Anybody else suffering a credibility gap over the amazing claims being made for the “car share cameras” that are going to police the brave new world of paid-for motorway fastlanes?
Now the Government’s much-vaunted plans to introduce national road charging appear to have collapsed – or at the very least lost a couple of wheels – we’re now faced with the equally daft proposal to reserve priority lanes on motorways for those who can pay to travel in them or for vehicles carrying more than one occupant.
These will be policed, we’re assured, by the new wave of super-clever “dtect” cameras that will be used to count the number of occupants in the car. And then, if a number greater than 1 isn’t found, it will presumably consult the all-knowing Swansea database and stick a fine in the post. There’s just one big problem: I don’t believe there’s any chance the system will work.

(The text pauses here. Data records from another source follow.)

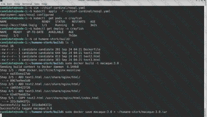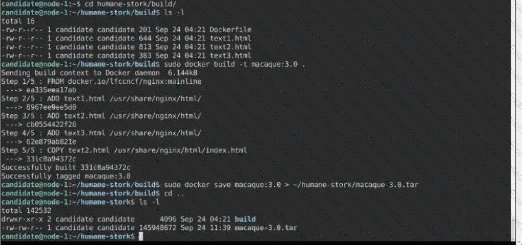 Using the tool of your choice, export the built container image in OCI or Docker image format and store it at /home/candidate/macaque-1.2.tar.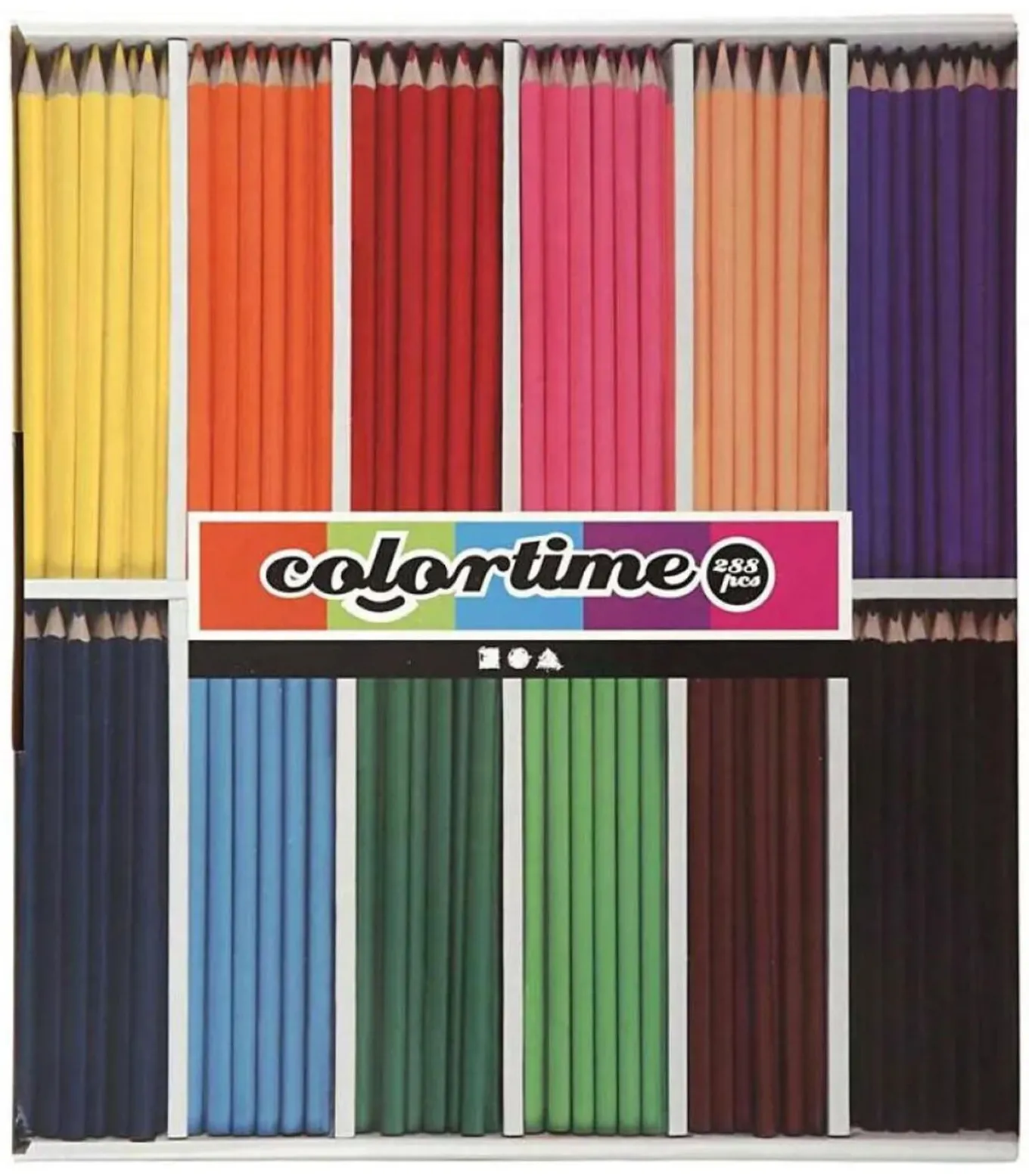 Creativ Company kleurpotloden set – driehoekig, 288 stuks, basiskleurenMet deze kleurpotloden set van Creativ Company maak je de mooiste tekeningen in alle basiskleuren! De driehoekige kleurpotloden liggen heerlijk in de hand en zijn ideaal voor zowel kinderen als volwassenen. Dankzij de stevige 3 mm vulling kun je eindeloos kleuren zonder dat de punt snel breekt.In de kartonnen doos vind je maar liefst 288 kleurpotloden, verdeeld over 12 prachtige kleuren. Perfect voor op school, de kinderopvang of gewoon thuis aan de knutseltafel. Laat je creativiteit de vrije loop en geniet van urenlang kleurplezier!Extra informatieBevat 288 driehoekige kleurpotloden in 12 basiskleurenErgonomisch ontwerp voor comfortabel kleurenStevige 3 mm vulling voor langdurig gebruikGeschikt voor kinderen en volwassenen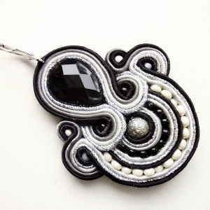Tu dodałam do sutaszu szlifowaną czarną łezkę, szarą macerowaną kulkę szklaną i japońskie koraliki Toho.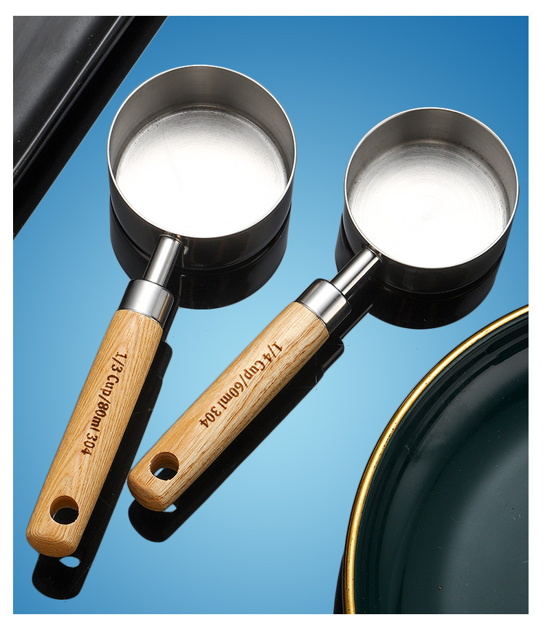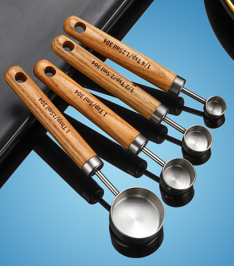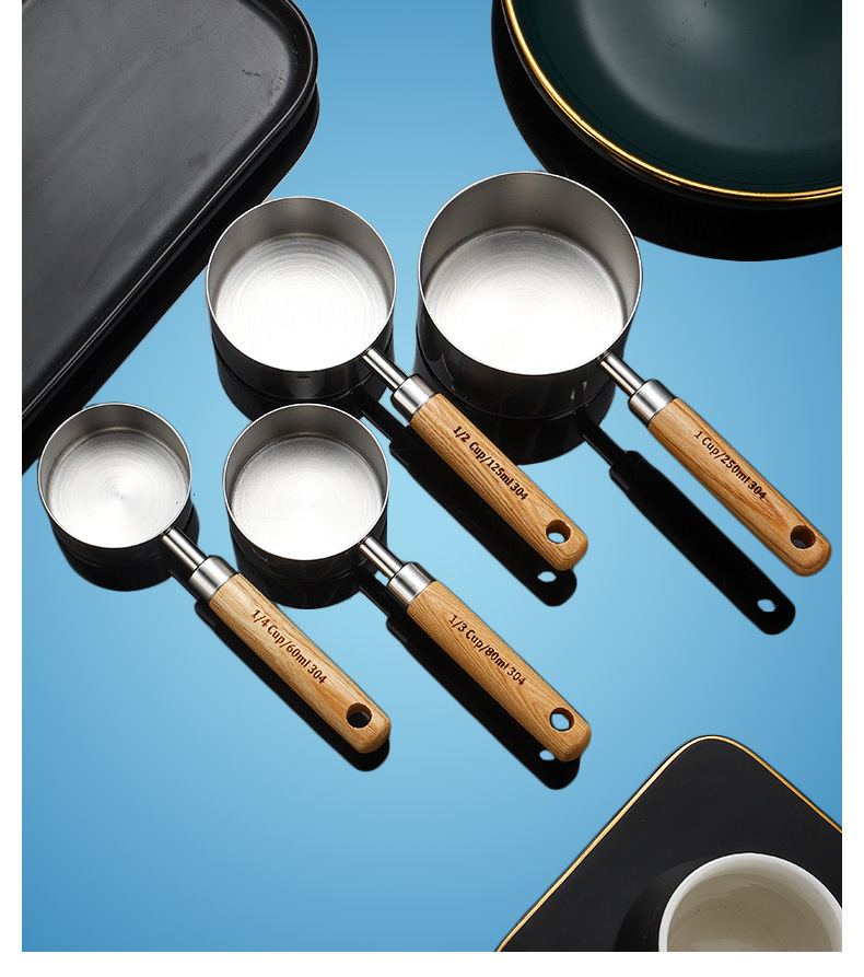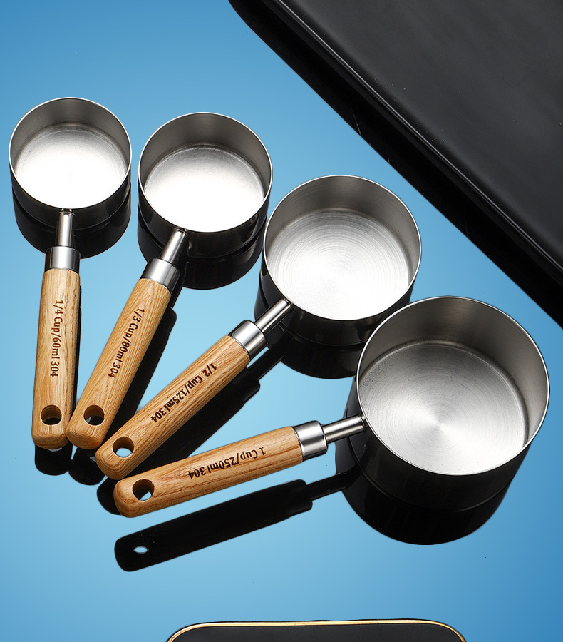 304 스테인레스 스틸 측정 스푼 측정 컵 세트 나무 손잡이 측정 컵 측정 스푼 4 피스 세트 스케일 골드 측정 스푼 측정 컵 8 개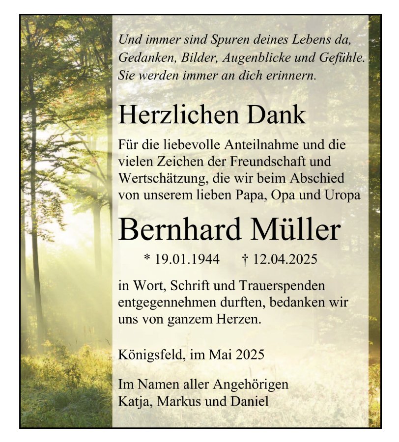 in diesen Tagen fühlen wir mit Ihnen und wünschen Ihnen von Herzen, dass Sie aus den glücklichen Erinnerungen Kraft schöpfen, um positiv in die Zukunft zu gehen. Diese Gedenkseite möge Ihnen dabei helfen, Ihre Trauer zu teilen und das Andenken gemeinsam wachzuhalten.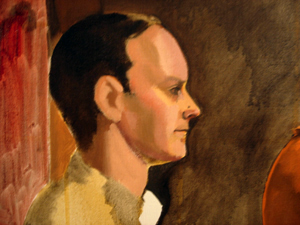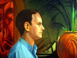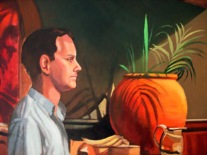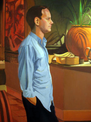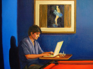 Getting Real September 21, 2008 Sometimes you just have to face reality, and for me that means coming to terms with the fact that Conversation isn't going to be finished in time to make the much-anticipated reception at the Levine School of Music. I worked on some of the background detail and the table on the left side last week, but finally had to call it quits and throw down my brush. It's too hard to sustain interest in one painting day after day after day. I feel like I've got a choice between doing a lousy, quick job and doing it right. This painting needs subtle details and some atmosphere, and that ain't gonna happen by Monday. I really need to get back to some work with soft blues and greens... Jay on Read or the Postcards series. |
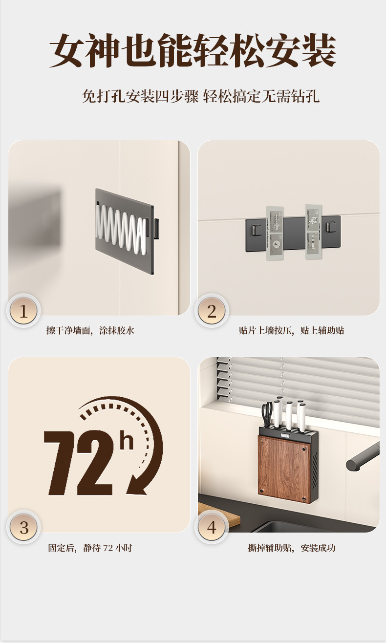 호두나무 칼걸이 주방 가정용 벽걸이 칼걸이 젓가락통 칼걸이 일체형 칼수납선반스토어 가기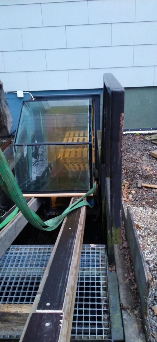 Portaikkoon laitettiin 6m pitkä ramppi mikä oli tehty 6kpl 2x5 palkeista. Sijoitus oli tärkeä kun tilaa ja toleranssia sivuttain oviaukossa oli vain 3cm (akvaario 80cm korkea ja oviaukko 83cm leveä). Rampin pintaan laitoin filmivanerista liukurit jotta allasta ei tarvitsisi väkisin työntää sisälle. Oikeasti siitä tuli hieman liiankin liukas jonka takia jouduttiin jarruttelemaan koko hökötystä.

Some questions: how does it deal with rear-facing child seats? How does it deal with vehicles where occupants don’t sit in seats facing the direction of travel (like in the back of a Land Rover Defender, or the boot of one of those “7-seat” Peugeot 505 estates)? Or seats in the back of vans? How does it cope with people who set the seat high and have the sunvisor down? How can it detect somebody sleeping or slumping? How can it tell – with the sort of 100 per cent accuracy you’d think was necessary for issuing a summons – that your rear seat passengers don’t routinely sit with a heat-proof blanket over their heads?
The last thing we need is more of our traffic policing devolved to expensive and inaccurate automated systems. If HM’s Govt is serious about the importance of “high occupancy lanes” it needs to commit the resources to police them properly.